Site updated ! Waarom met nieuw als het met oud ook goed gaat ?

----------


## Davy Gabriels

is wel hoorngeladen hé.
en 700 man in een zaal of tent is ook verschil.Zoals ik al zei zat zaal bomvol.
Wat zou  jij hier neerzetten dan?

----------


## ralph

Dit vind ik nou een net showtje!

de fotoos zien er strak uit, mooe kleurtjes, pure promotie voor die dixo!

en dat gelul over wattjes...rendement daar gaat het om.
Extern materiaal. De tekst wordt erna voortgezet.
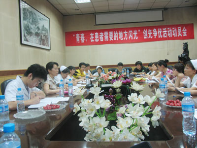 为积极响应院党委和校团委的号召,以党组织开展创先争优活动为契机,牢固树立党建带团建的意识,院团委于7月2日下午在第二会议室组织全院团员青年开展“青春,在患者需要的地方闪光”创先争优活动动员会,团支部书记以上人员参加了会议。

&gt;&gt;&gt;&gt;Ik heb een toeter op mn waterscooter!&lt;&lt;&lt;&lt;

----------


## Davy Gabriels

Het geluid moet ook aangenaam blijven.
Heeft ook ooit iemand met 4xEAW SB850+4xKF850 gestaan.klinkt wel goed,maar veeeeeel te hard.

Ik heb hier ook ooit met Nexo gespeeld,4xsub1000 + 6xPS10 gevlogen,maar was niet ideaal,was achter in de zaal niet zo goed te horen.Stond toen 2x inkel PSA1200 2x600W + 2x crown CSL1400 + nexo processor=totaal iets van een 4kW

Ging niet zo hard als nu.

----------


## PowerSound

Ah ok, dacht al, we hebben dus gewoon niet dezelfde eissen.
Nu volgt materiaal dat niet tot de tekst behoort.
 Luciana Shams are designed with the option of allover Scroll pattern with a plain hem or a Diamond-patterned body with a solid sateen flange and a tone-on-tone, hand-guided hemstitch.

Site updated ! Waarom met nieuw als het met oud ook goed gaat ?

----------


## Davy Gabriels

ok,nexo klinkt wel beter(gebruiken ik soms voor bruiloften).
Maar je moet ook kijken naar de eisen van de organisatie.Die mensen hoeven geen MAC250 hebben hangen,of denon cd...
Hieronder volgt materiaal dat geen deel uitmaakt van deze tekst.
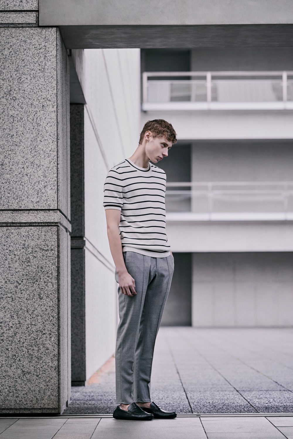 ウエストドローコード、両サイドのゴムシャーリングによる快適な穿き心地、脚を綺麗に見せるジャブスアルキヴィオならではの細身のシルエット、革靴、スニーカーのどちらにもフィットするユーティリティーリラックストラウザーズ。脚長効果のあるひざ上からのテーパードシルエットが魅力。

Daarom noem ik dat ook maar een plaatselijke "boerenfuif"

Ja als je iets hoger zit zoals jij denk ik,dan zou ik mij ook wel iets beter aanschaffen.Maar ik zorg gewoon dat ik mijn materiaal terugbetaald krijg.

groetjes

----------


## PowerSound

Ik zeg niet dat je slecht materiaal hebt, heb ook nameijl een Omnitronic setje.

Maar ik vind 700man met maar 2800W (ookal heelhoog rendement) echt weinig, was het meer achtergrondmuziek ?

Site updated ! Waarom met nieuw als het met oud ook goed gaat ?

----------


## John b

Welk ontwerp van PBaudio is dit dan ?

John.
Doe mij maar martin(i)

----------


## PowerSound

Bandpass hoorn en Coax top 12/2 ?

Site updated ! Waarom met nieuw als het met oud ook goed gaat ?

----------


## Niek...

Hmm, op eerste gezicht zag het er idd strak uit, maar na het zien van 6 fourbarren op 9 mtr. truss vind ik het geheel ietwat overdone, teveel van het goede. Gebruik 4 fourbarren, hang ze net iets anders en het oogt ook strak.

En zo'n 9 mtr. show en dan een meubel*tje* van 1 mtr. breed. Ik snap dat je het geheel makkelijk wilt kunnen vervoeren en toch praktisch moet blijven...maar dit is (naar mijn mening) wel erg miniem.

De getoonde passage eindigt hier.